15:42Uranus et Neptune sont les plus exposés.
15:44Reléguées aux confins du système solaire,
15:46elles sont les premières à être éjectées dans de nombreuses simulations.
15:50Cette perte déclenche des perturbations gravitationnelles qui se propagent envers l'intérieur,
15:55troublant les autres planètes sur des millions d'années.
15:58Un simple décalage de 0,1% dans l'orbite de Neptune suffit à compromettre la cohérence du système.
16:04L'équilibre des forces gravitationnelles serait altéré,
16:08contraignant Jupiter et Saturne à réajuster leur position,
16:11ce qui répercuterait l'instabilité jusque dans les régions internes,
16:15menaçant l'harmonie de l'ensemble.
16:17Cela nous conduit à une question cruciale.
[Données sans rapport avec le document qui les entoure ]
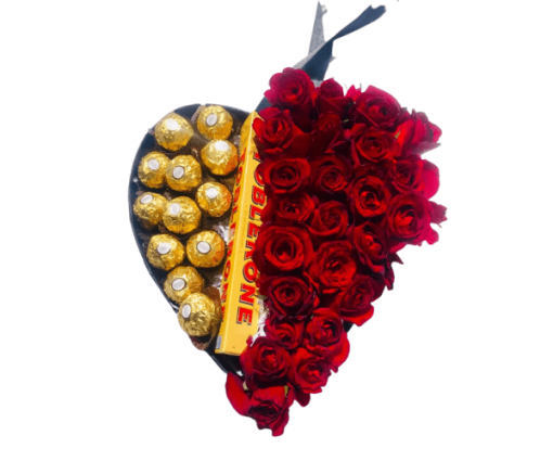 12 Ferrero Rocher chocolate, 25 roses, 1 toblerone

16:19Qu'en est-il de notre propre planète ?
16:21Dans la grande majorité des modèles simulés, la Terre demeure intacte.
16:25Toutefois, environ 0,2% des scénarios se concluent par une collision avec Vénus ou une chute dans le Soleil.
16:32Parmi les 12 000 simulations réalisées,
16:35seules 23 voient où la Terre subsistait seule en orbite.
16:38Mais ce résultat ne tient que si l'on nommait la Lune.
16:41En l'incluant, la prévisibilité du système s'effondre.
16:44Notre satellite pourrait s'écraser sur la Terre,
16:47être capturée par une étoile errante ou perturber lentement notre trajectoire au fil de millions d'années.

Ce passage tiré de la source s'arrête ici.